▶ _Provided data_:
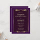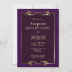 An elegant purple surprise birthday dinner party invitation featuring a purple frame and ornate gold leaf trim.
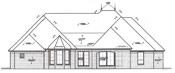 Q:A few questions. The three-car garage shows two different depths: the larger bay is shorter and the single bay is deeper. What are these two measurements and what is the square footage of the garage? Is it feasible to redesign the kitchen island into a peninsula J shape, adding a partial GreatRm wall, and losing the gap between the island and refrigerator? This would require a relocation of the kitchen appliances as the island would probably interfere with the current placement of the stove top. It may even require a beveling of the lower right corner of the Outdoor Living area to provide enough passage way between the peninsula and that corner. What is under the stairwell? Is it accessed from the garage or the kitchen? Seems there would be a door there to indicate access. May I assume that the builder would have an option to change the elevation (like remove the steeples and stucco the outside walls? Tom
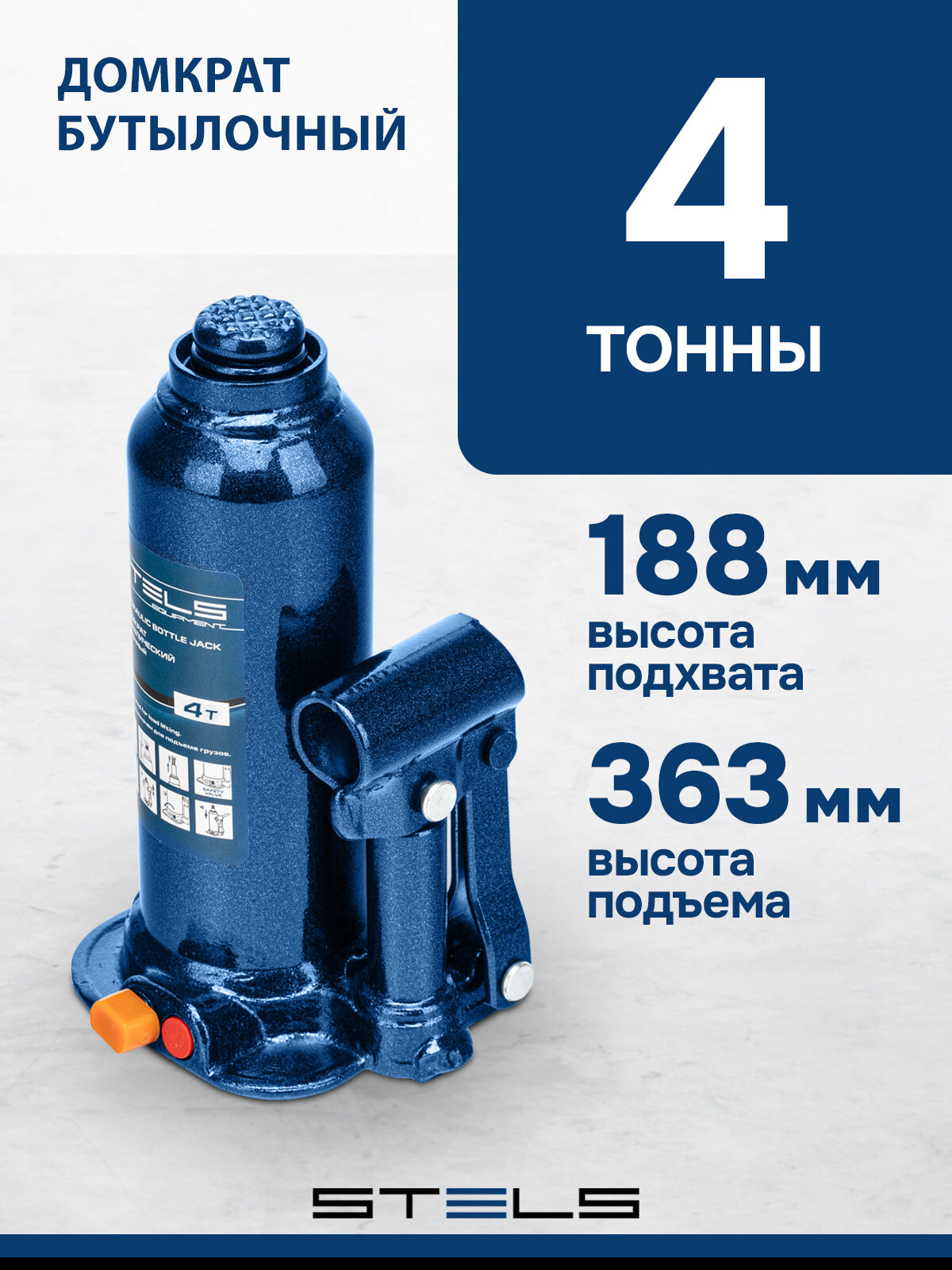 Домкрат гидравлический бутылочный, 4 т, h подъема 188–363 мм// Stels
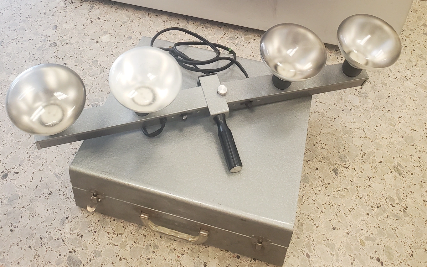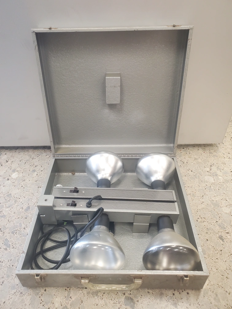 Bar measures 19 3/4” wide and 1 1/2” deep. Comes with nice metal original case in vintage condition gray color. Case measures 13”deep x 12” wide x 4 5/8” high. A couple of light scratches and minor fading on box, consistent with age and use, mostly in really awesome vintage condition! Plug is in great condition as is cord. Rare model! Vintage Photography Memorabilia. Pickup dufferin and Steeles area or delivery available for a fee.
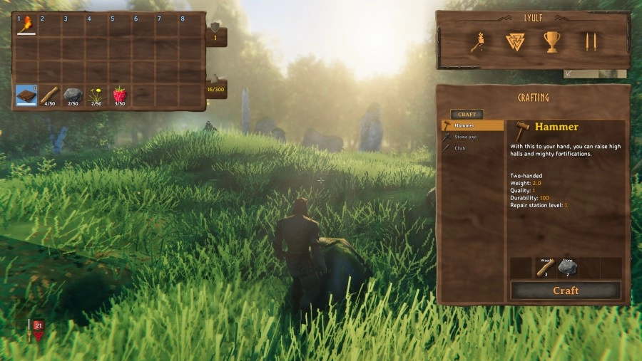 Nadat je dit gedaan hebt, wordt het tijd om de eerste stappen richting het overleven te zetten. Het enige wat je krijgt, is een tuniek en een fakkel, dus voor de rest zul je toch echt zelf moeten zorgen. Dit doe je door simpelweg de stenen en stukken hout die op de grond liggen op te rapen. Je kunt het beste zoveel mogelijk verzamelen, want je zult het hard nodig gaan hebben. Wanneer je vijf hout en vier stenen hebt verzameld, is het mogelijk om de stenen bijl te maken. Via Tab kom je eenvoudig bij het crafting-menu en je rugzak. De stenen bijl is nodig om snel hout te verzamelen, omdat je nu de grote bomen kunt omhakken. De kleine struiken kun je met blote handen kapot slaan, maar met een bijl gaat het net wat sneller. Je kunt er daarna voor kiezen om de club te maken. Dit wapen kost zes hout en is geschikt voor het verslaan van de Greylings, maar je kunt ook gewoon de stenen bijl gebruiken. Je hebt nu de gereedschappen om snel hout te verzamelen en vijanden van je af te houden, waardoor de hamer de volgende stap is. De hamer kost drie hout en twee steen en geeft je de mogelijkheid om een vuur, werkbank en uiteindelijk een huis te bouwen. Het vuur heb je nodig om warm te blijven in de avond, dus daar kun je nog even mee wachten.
==
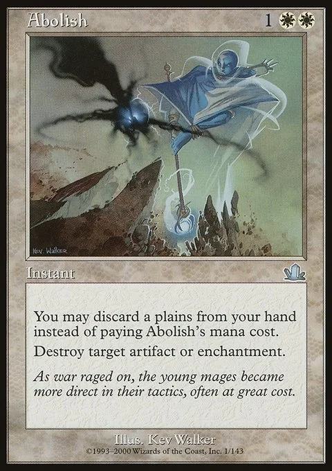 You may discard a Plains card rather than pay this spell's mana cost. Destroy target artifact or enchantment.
==
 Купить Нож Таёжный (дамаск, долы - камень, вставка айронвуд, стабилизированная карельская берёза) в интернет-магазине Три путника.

▶ _Problem statement_:
Going by the data above, the answer is exactly the lines from the one holding "Bar measures 19" to the one holding "Nadat je dit", both kept, with the pictures left out.

▶ _Response_:
 Bar measures 19 3/4” wide and 1 1/2” deep. Comes with nice metal original case in vintage condition gray color. Case measures 13”deep x 12” wide x 4 5/8” high. A couple of light scratches and minor fading on box, consistent with age and use, mostly in really awesome vintage condition! Plug is in great condition as is cord. Rare model! Vintage Photography Memorabilia. Pickup dufferin and Steeles area or delivery available for a fee.
 Nadat je dit gedaan hebt, wordt het tijd om de eerste stappen richting het overleven te zetten. Het enige wat je krijgt, is een tuniek en een fakkel, dus voor de rest zul je toch echt zelf moeten zorgen. Dit doe je door simpelweg de stenen en stukken hout die op de grond liggen op te rapen. Je kunt het beste zoveel mogelijk verzamelen, want je zult het hard nodig gaan hebben. Wanneer je vijf hout en vier stenen hebt verzameld, is het mogelijk om de stenen bijl te maken. Via Tab kom je eenvoudig bij het crafting-menu en je rugzak. De stenen bijl is nodig om snel hout te verzamelen, omdat je nu de grote bomen kunt omhakken. De kleine struiken kun je met blote handen kapot slaan, maar met een bijl gaat het net wat sneller. Je kunt er daarna voor kiezen om de club te maken. Dit wapen kost zes hout en is geschikt voor het verslaan van de Greylings, maar je kunt ook gewoon de stenen bijl gebruiken. Je hebt nu de gereedschappen om snel hout te verzamelen en vijanden van je af te houden, waardoor de hamer de volgende stap is. De hamer kost drie hout en twee steen en geeft je de mogelijkheid om een vuur, werkbank en uiteindelijk een huis te bouwen. Het vuur heb je nodig om warm te blijven in de avond, dus daar kun je nog even mee wachten.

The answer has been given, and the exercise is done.